Finding Deduplication¶
When the model processes the same tool output multiple times (common after context compaction), the engine deduplicates findings using SHA-256 content hashing. The hash covers tool_name, sorted node signatures (stable properties only), sorted edge keys, and the first 500 characters of raw_output. Exact duplicates within a 5-minute rolling window are rejected immediately with { deduplicated: true } — no graph mutations occur. Findings with the same nodes but different properties pass through for property merging.
Tool Call Telemetry¶
Runtime instrumentation that tracks per-tool call counts, error rates, response times, and call sequence patterns. This data is not persisted — it exists only for the current server process. The telemetry is exported in the tool_telemetry section of run_retrospective output and helps identify unused tools, slow tools, and common tool-call sequences.
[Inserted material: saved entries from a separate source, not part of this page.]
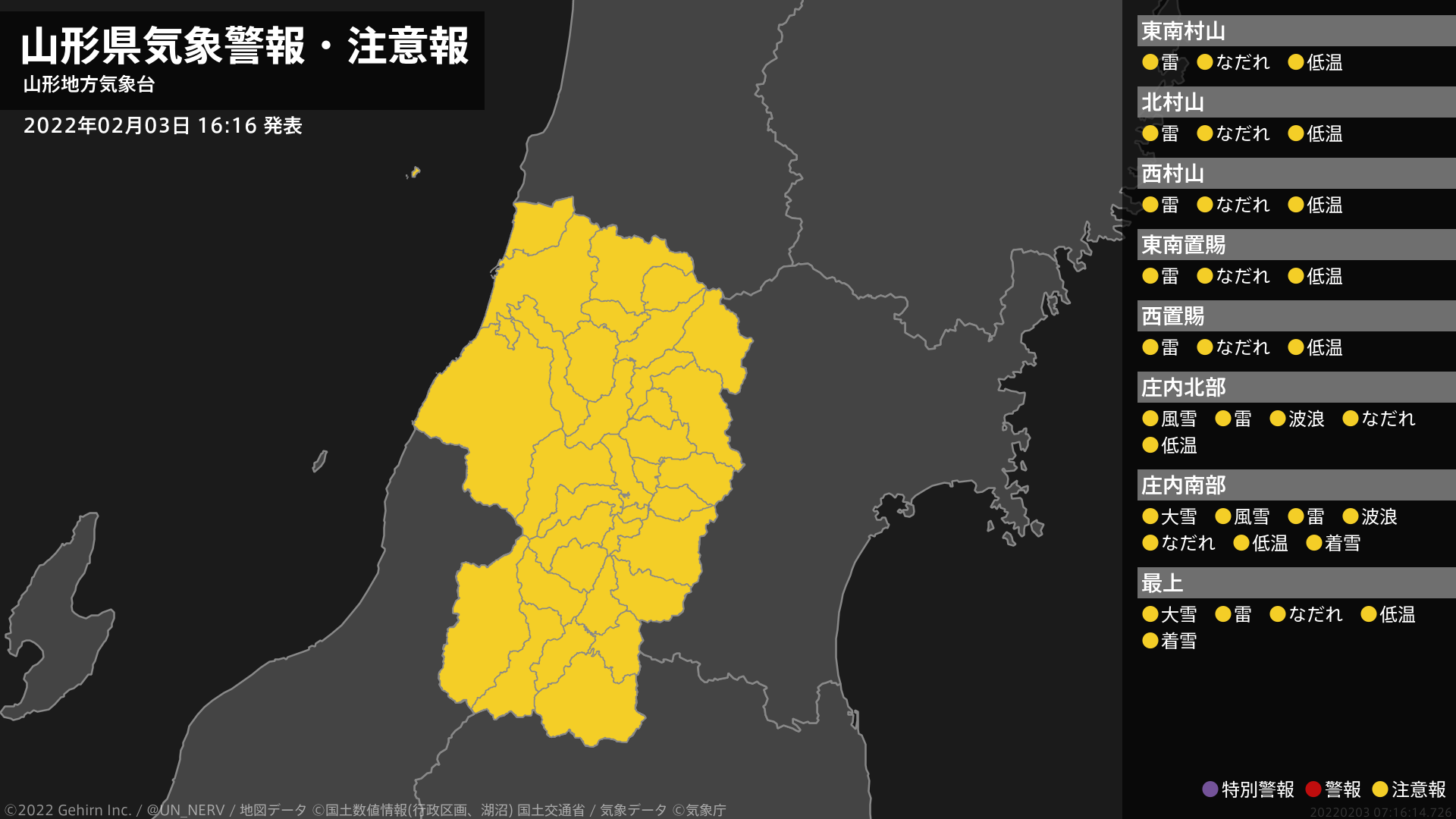 【山形県 気象警報・注意報 2022年02月03日 16:16】庄内では、風雪や高波に注意してください。庄内、最上では、大雪や電線等への着雪に注意してください。山形県では、落雷やなだれ、低温に注意してください。#気象警報注意報 #山形県
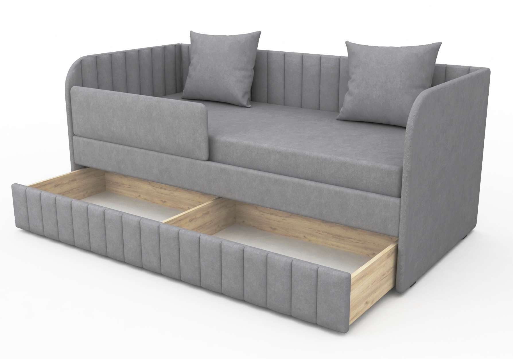 Кровать полностью безопасна для ребенка, так как имеет прочную конструкцию и мягкие подлокотники, которые защитят ребенка от травм.
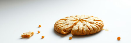 Broken cookies with crumbs isolated on a white background. Delicious baked dessert.
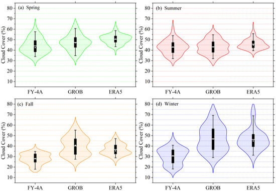 The violin plot of the seasonal variation in TCC frequencies (%) from FY-4A, GROB, and ERA5 at 105 NMSs in XJ, showing the mean (white line), median (white dot), interquartile range (rectangle), the 5th and 95th percentiles (whiskers), and the kernel density estimation (translucent shadow).
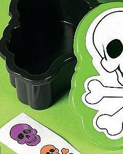 ガイコツシールが付いたケースに、メモ用紙、クレヨン、シールが入っています。
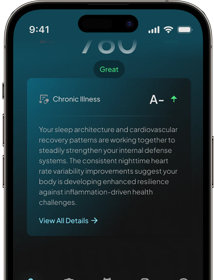 We constantly scan your biometrics to detect early signs of stress, immune decline, inflammation, and recovery delays—so you can act before illness takes hold.
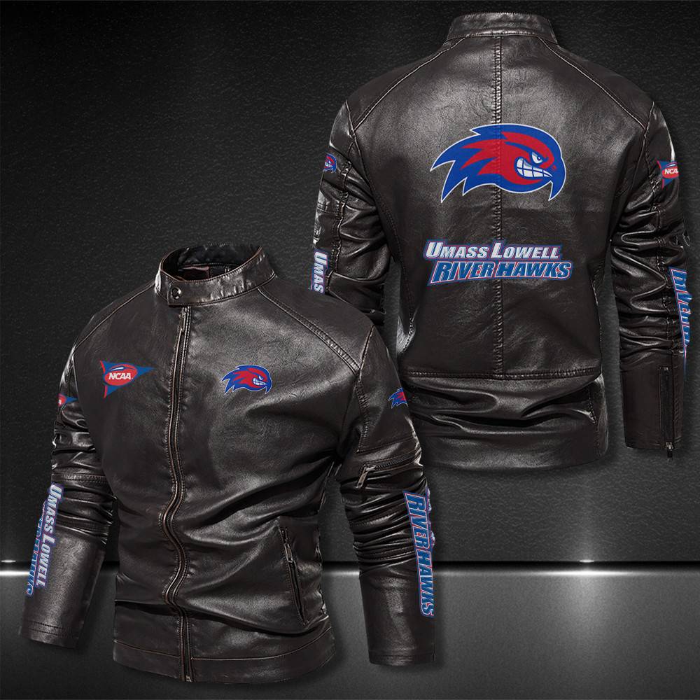 Umass Lowell River Hawks Motor Collar Leather Jacket For Biker Racer
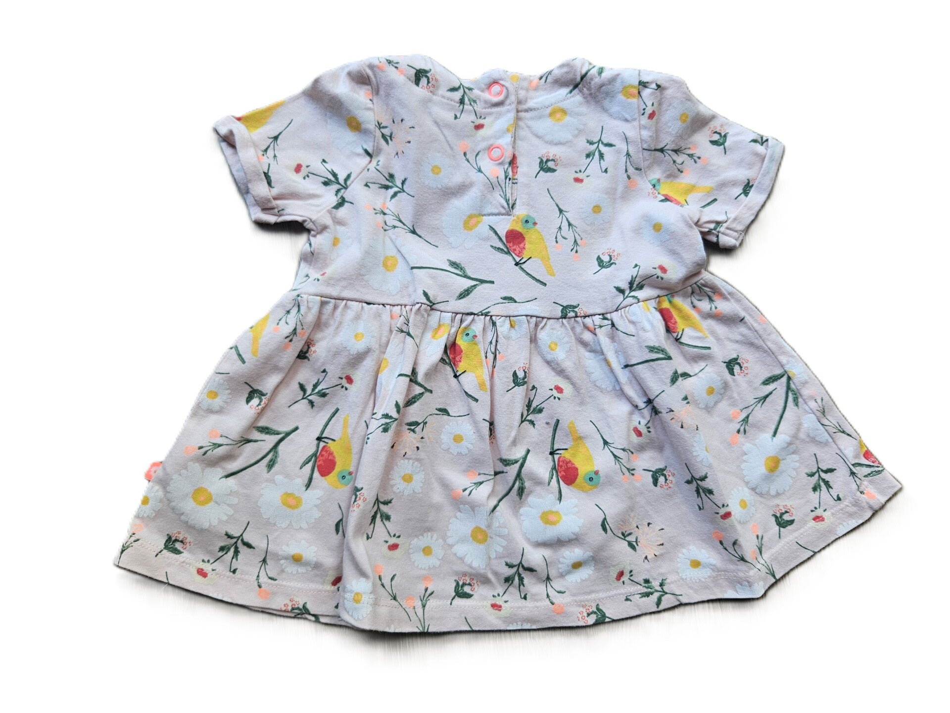 Lichtroze jurk met bloemetjes van Hema. De maat op het label is 74, maar deze valt kleiner, als maat 68.
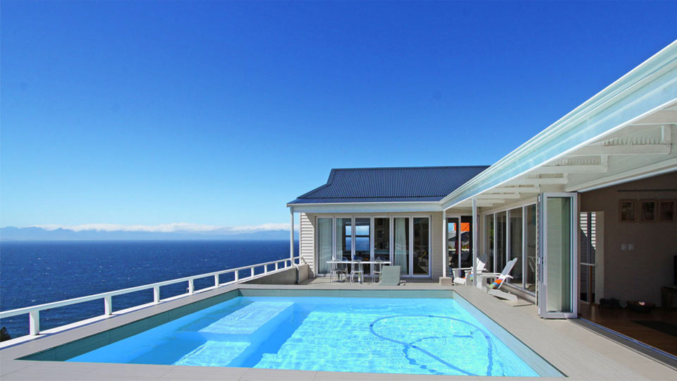 Приватний басейн нагрівається сонячними панелями. З тераси можна помилуватися видом на океан та південноафриканську рослинність.
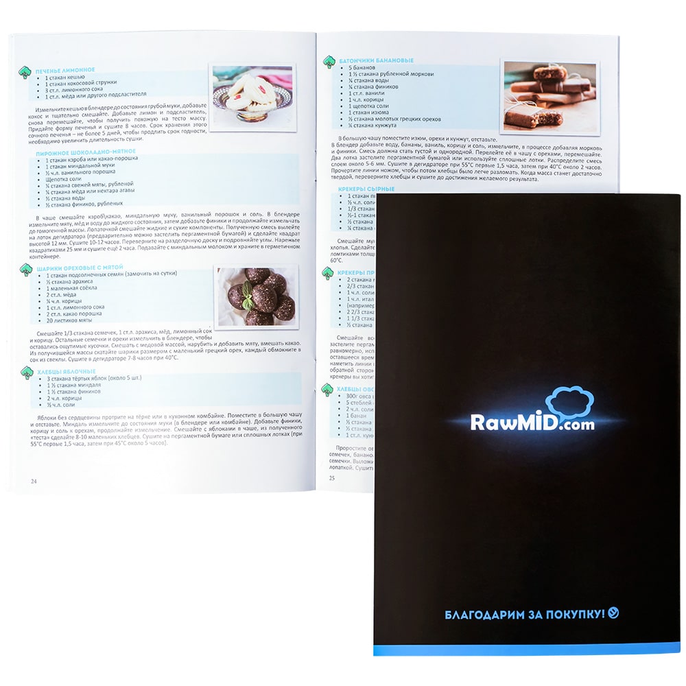 Благодаря съёмным лоткам, вы можете оставить произвольное расстояние между лотками и сушить продукцию разной формы и размеров. Например, гречневое печенье, капустный пирог, нутовые котлеты, миндально-кокосовое печенье с джемом из фиников и множество других необычных блюд, в том числе без термической обработки (при температуре не более 40°С).

Inference Rule Effectiveness¶
Each inference rule's performance is tracked via inferred_by_rule and confirmed_at properties on edges. The engine computes per-rule confirmation rates (confirmed / total inferred edges) and surfaces rules with ≥3 edges in get_state() under inference_rule_effectiveness. Rules are dynamically ordered by confirmation rate — high-performing rules run first, and rules with 0 confirmations over ≥5 attempts are deprioritized.